All postoperative measures were assessed at 4 visits: 1 day (1D), 3–4 days (3D), 7–10 days (1 week), and 7–9 weeks (8 weeks) after surgery except ECC, which was assessed at 1 week and 8 weeks. Safety evaluation included adverse event rates, slit-lamp examination, intraocular pressure (IOP), manifest subjective refraction, and concomitant treatment.

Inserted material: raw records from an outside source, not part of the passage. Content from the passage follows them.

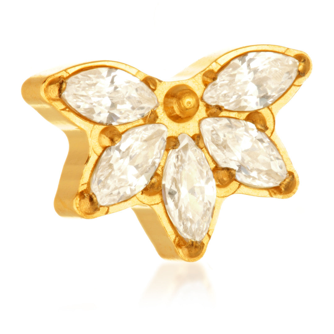 Zircon Gold Ti Marquise Petal Crescent Attachment Gauge: 1.2mm (0.9mm thread) Attachment Size: 8mm x 5mm Gem Colour: CR Medical Grade Titanium 6Al-4VEli ASTM:F-136
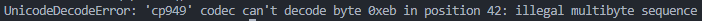 여기서 cp949로 인코딩 되어있어 해석할 수 없다고 나온다.
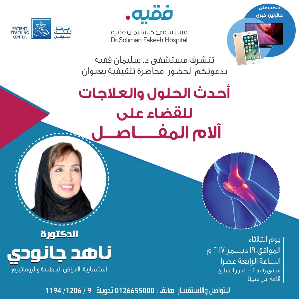 مستشفى د سليمان فقيه On Twitter شاركونا تتشرف مستشفى د سليمان فقيه بدعوتكم لحضور المحاضرة التثقيفيه بعنوان أحدث الحلول للقضاء على آلام المفاصل للدكتورة ناهد جانودي استشاريه الأمراض الباطنيه والروماتيزم التاريخ الثلاثاء ١٩
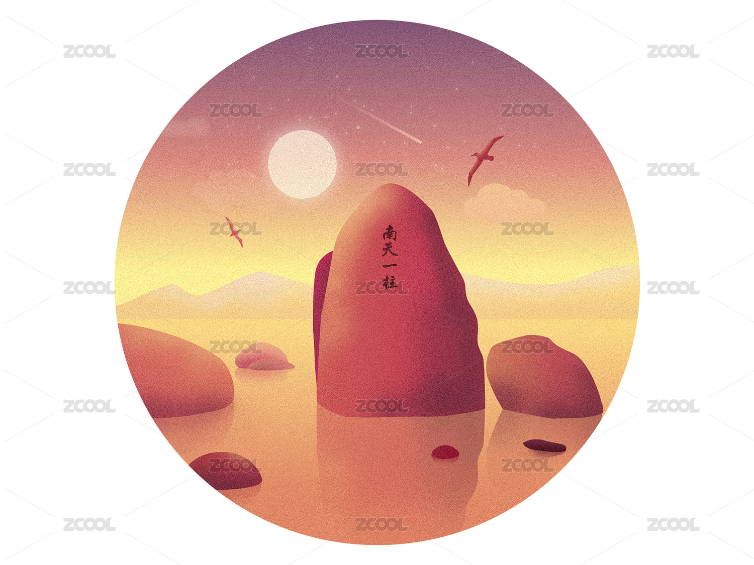 三亞著名旅游景點天涯海角南天一柱場景插畫
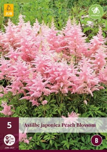 De Astilbe japonica 'Peach Blossom' is een roze zomerbloeiende vaste plant. De hoogte is ongeveer 50 cm. Plant de Astilbe in de volle grond. Maak een ruim plantgat en maak de grond goed los. Verbeter arme tuingrond door er compost en wat tuinturf door te mengen. Leg de wortels van de plant op de juiste diepte in het gat (ca. 5 cm). Vul het plantgat met aarde en druk stevig aan. De beste locatie is een een plek in de half schaduw of schaduw. Tijdens de groei is het belangrijk de planten regelmatig water te geven, verminder het watergeven in het najaar. Astilbe is sterk en winterhard en goed te combineren met andere vaste planten. De bloempluimen zijn ook decoratief in gemengde zomerboeketten.Astilbe hybriden zijn vooral bekend uit border en plantvakken. De opvallende bloempluimen komen echter ook erg mooi uit in een pot. Neem een royale pot met gaten in de bodem en plant de Astilbe ongeveer 20 cm uit elkaar. Het is wel belangrijk dat de potgrond niet uitdroogt. Zet een pot met Astilbe bij voorkeur in de halfschaduw.
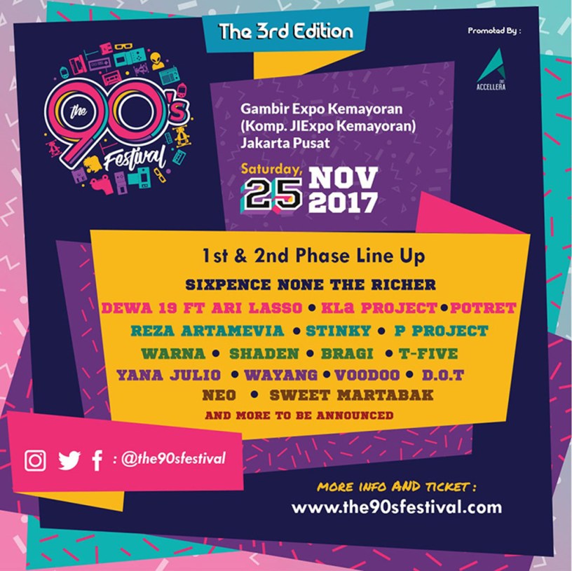 Setelah sebelumnya diumumkan line up phase pertama dari gelaran event The 90s Festival , kali ini pihak penyelenggara mengumumkan phase line up kedua. Pada line up tahap pertama dari group band yang akan tampil pada penyelenggaraan The 90’s Festival tahun ketiga ini, terdapat 8 gorup atau musisi lokal yang sudah confirm dan satu musisi internasional.
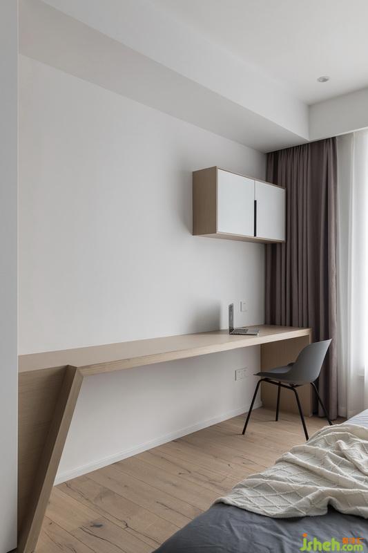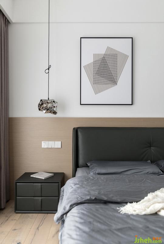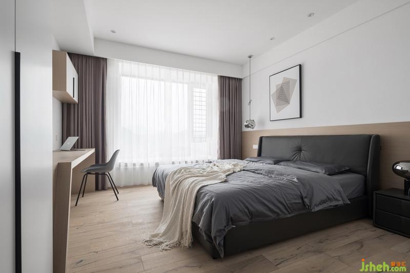主卧是夫妻俩的私人空间,整个空间以饱和度较低的色调为基底,室内设计师使用大量的木质材质,如地板、桌子与护墙板,搭配黑色、灰色床与床品,时尚不失简约。大窗户良好的采光为室内营造出洁净温暖的视觉感受。
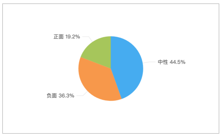 该时段内,境内有关“短剧选用11岁女童演替嫁新娘”的舆情中,中性情感倾向为主,占比44.5%;负面舆情次之,占比36.3%;正面舆情占比较少,为19.2%。
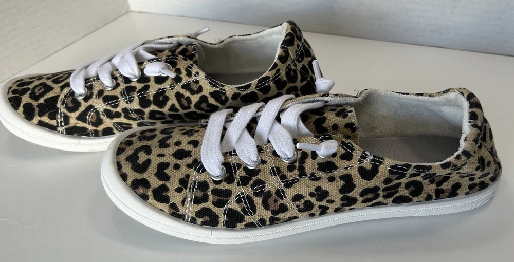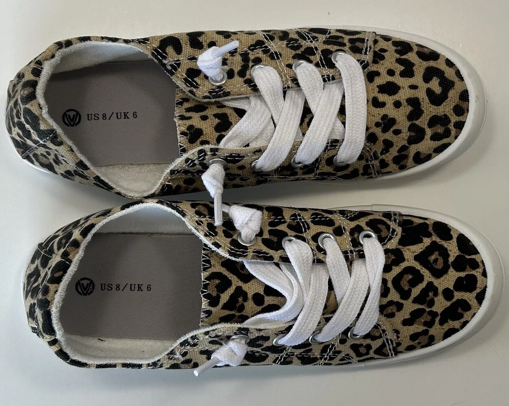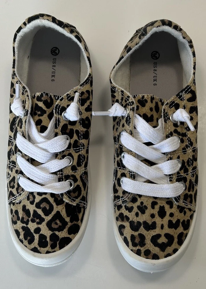 Women's Size 8 Cheetah Print - Slip on - Sneakers Shoes w No Tie Laces Pre-Owned - Please see pictures for details
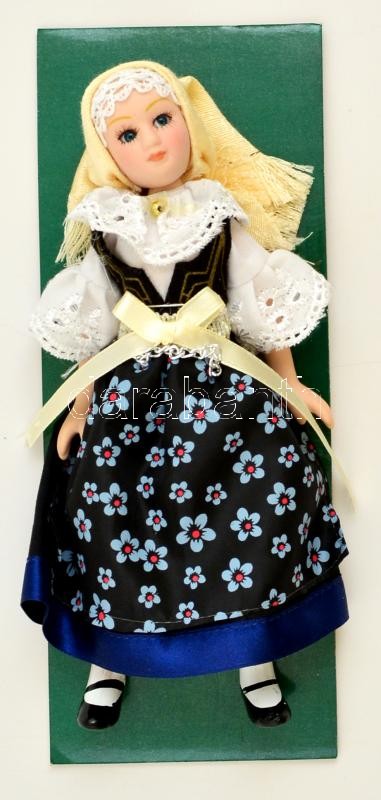 Leírás: Népviseletes baba dobozban, m: 20 cm
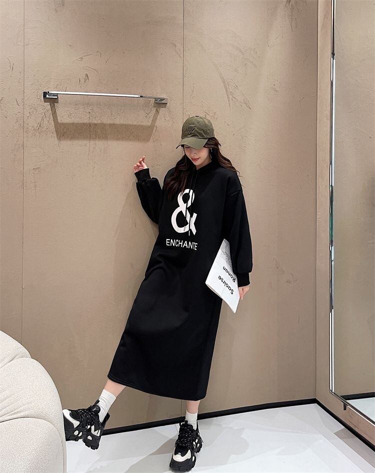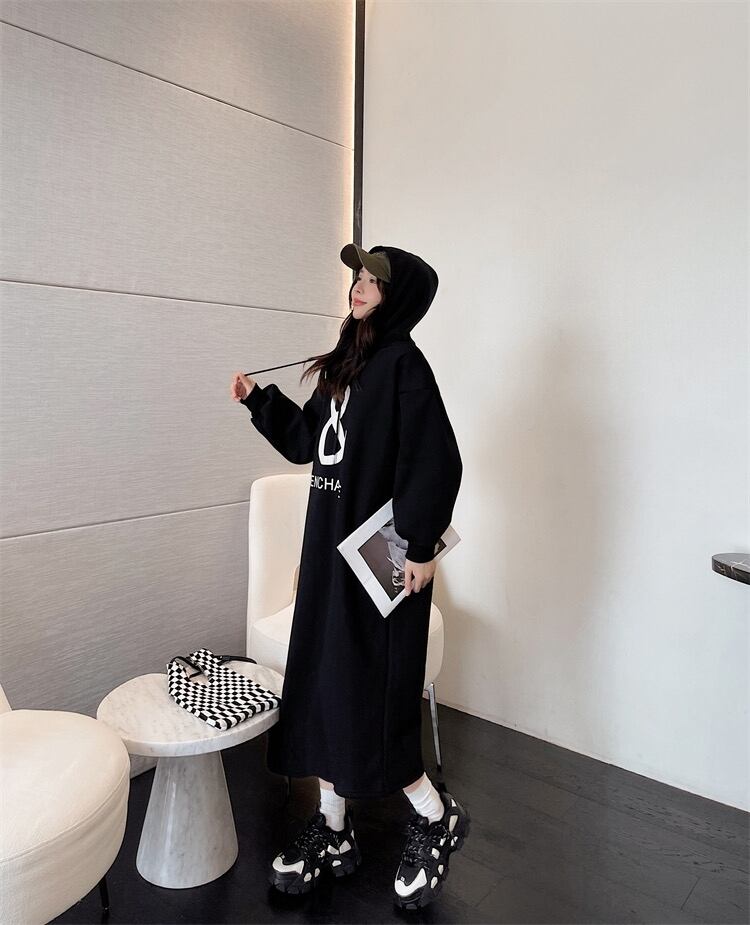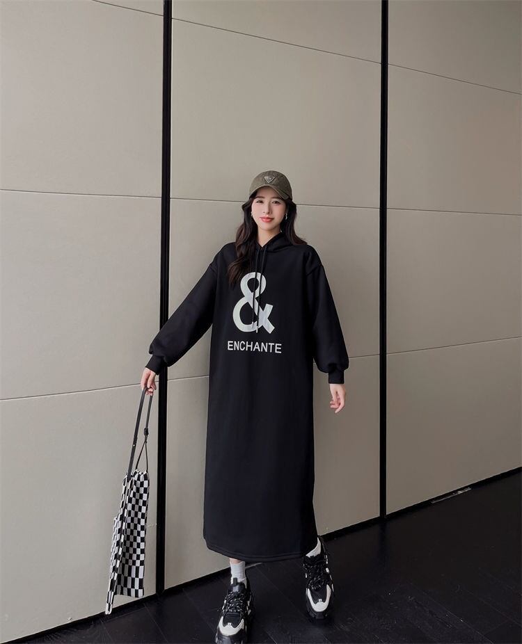大きいサイズ秋冬新作 韓国風 レディース 長袖 帽子付きワンピース パーカーLL-4L

Surgically induced astigmatism was defined as the vector difference between the baseline and postoperative astigmatic correction vectors and was calculated as follows:

C y l 0 2 + C y l 2 − 2 × C y l 0 × C y l × cos ( θ ) , where

Cyl0 = baseline cylinder,

Cyl = postoperative cylinder,

and θ = 2x (baseline cylindrical axis – postoperative cylindrical axis).

Anterior chamber inflammation was to be measured by laser cell flare meter and anterior chamber stability assessed by the investigator according to an evaluation scale.

Randomization and sequence generation

A computer was used to generate the allocation sequence. The surgeon received a set of 44 sealed envelopes containing the allocation sequence. For each patient enrolled, the appropriate envelope was opened the day before surgery. From this time point the investigator was no longer masked. The patient was masked for the study duration. The treatment used per eye was collected on the case report form (CRF). The on-site monitor gathered the allocation envelope for each patient and recorded the sequence number and group. The statisticians received a sealed envelope containing the computer allocation list, which was opened after a blinded review meeting defining major and minor deviations.

Statistical methods

Using a 2-sided paired t test with alpha = 0.05, and assuming a standard deviation of 0.20 and a correlation between contralaterally treated eyes of 0.5, a sample size of 35 contralaterally treated subjects yielded 80% power to detect a 1-line (0.10 logMAR) difference in BCVA between surgical procedures. Forty subjects (80 eyes) were planned to obtain 35 subjects (70 eyes) to complete the study.

Summaries for continuous variables included the sample size, mean, standard deviation, median, minimum, and maximum. Summaries for discrete variables included the tabulation of frequencies and percentages. Baseline values were defined as the last non-missing measure prior to surgery and IOL implantation.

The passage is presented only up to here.